We reach teens where they are – their phones. Our coaching framework is based in our core values which include radical empathy, intersectionality, and unconditional positive regard for our students. We have designed our content to be responsive to the traumatic stressors of youth of color – systemic racism and oppression, poverty, violence, and abuse. Our coaching draws from evidence-based practices proven to positively impact behavioral health outcomes of youth of color including Trauma-Focused Cognitive Behavioral Therapy (TF-CBT), validated by USC and UCLA. Studies have also shown the efficacy of TF-CBT in improving attendance and achievement scores for African-American students (Ginsburg-Drake, 2002; Cooley-Strickland et al, 2011; Ngo et al, 2008). Our core innovation is making these proven practices accessible to youth of color in a culturally responsive manner over text message. We use texting given its effectiveness in reaching low-income youth.
Our vision is to become the nationwide data leader on youth of color wellness, leveraging aggregated student data from our daily text message coaching service. To drive systems change, we will build data reporting dashboards that will enable our community partners to pull reports in real-time on student emotional wellness, helping school and city leaders better understand how to allocate resources to support youth. By providing our community partners with real-time, longitudinal data on youth needs and emotional wellness, we can unlock the blackbox of what youth need to enable systems-level change. For example, over the next year, we aim to learn from school partners how our data drives changes in discipline policy, classroom design, staffing practices, resource allocation, and other organizational decisions.
Thus far we have raised over $380K in philanthropic capital to support our work through high networth individuals, foundations and fellowship awards (Camelback Ventures Fellowship, Fast Forward Accelerator Fellowship, Halcyon Incubator Fellowship). We are also growing our earned revenue model so we can increasingly rely on sustainable sources of earned revenue. After our first year of pilots, we were able to secure three paid contracts for our service in the following three markets: schools/school districts, community-based organizations, and government agencies. We aim to continue to seek funding from those sources and are also looking at revenue from Medicaid Managed Care Organizations that would sponsor our work as a wellness program for youth members.
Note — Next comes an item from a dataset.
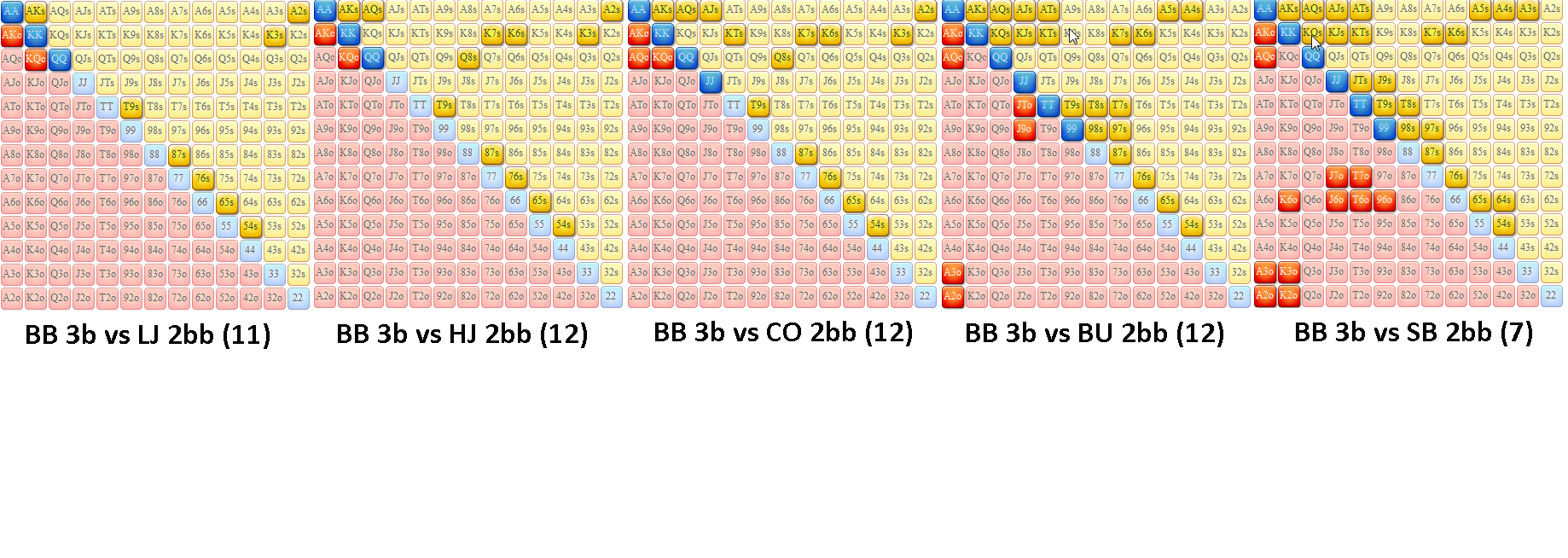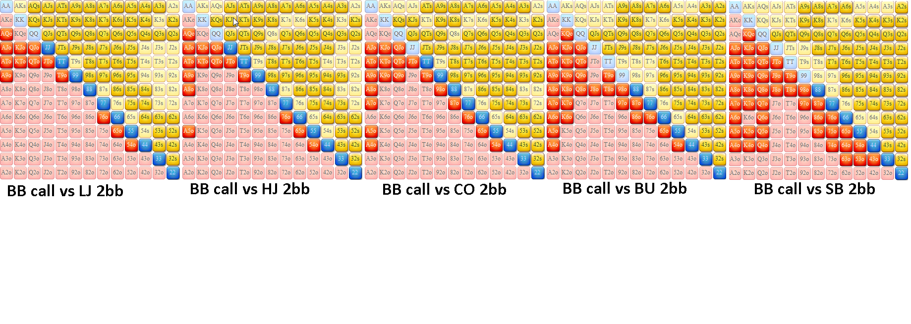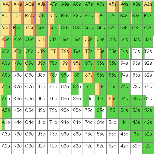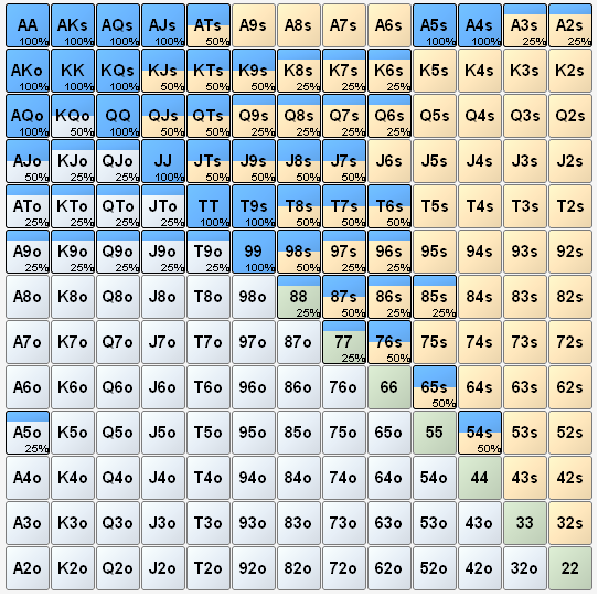 >>44877 20% OPR из UTG. 100% из MP. Колл 3бета в 20% случаев (из UTG 100%, но 22 фолдим). На SB можно 10-20% рестились. Колдколл только под фишей или защитой на стил на BB.
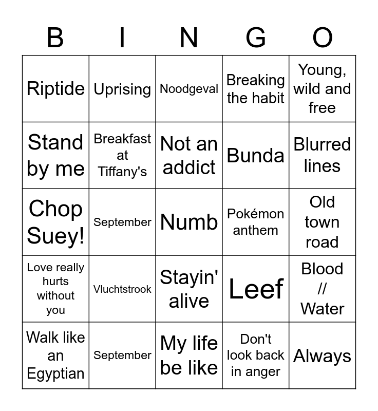 This bingo card has a free space and 24 words: Vluchtstrook, September, Not an addict, Walk like an Egyptian, Young, wild and free, Riptide, Stand by me, Uprising, Pokémon anthem, Stayin' alive, Bunda, Chop Suey!, Leef, Blood // Water, Breakfast at Tiffany's, Don't look back in anger, Old town road, Noodgeval, Blurred lines, September, Always, Love really hurts without you, Breaking the habit and My life be like.

We understand that systems-level efforts to heal and rehumanize our communities must include authentic, inclusive partnerships among community organizations. We actively partner with families and community organizations to support youth of color in an often fragmented, support services landscape. As the only safe space many of our students have to express themselves, we want to ensure they continue to feel supported as we connect them to outside service providers. We leverage our student emotional wellness data to link youth and crisis service providers, who often lack real-time, reliable information on student needs. We have confirmed partnerships with the following institutions to adapt our service: Washington Leadership Academy (DC), Ron Brown Prep High School (DC), Reinvent South Stockton Coalition (Stockton), She Wins! (Newark), Hopeworks (Camden), and East Side High School (Newark). By empowering organizations with our service, we are creating a continuum of support which is usually inaccessible to disadvantaged youth.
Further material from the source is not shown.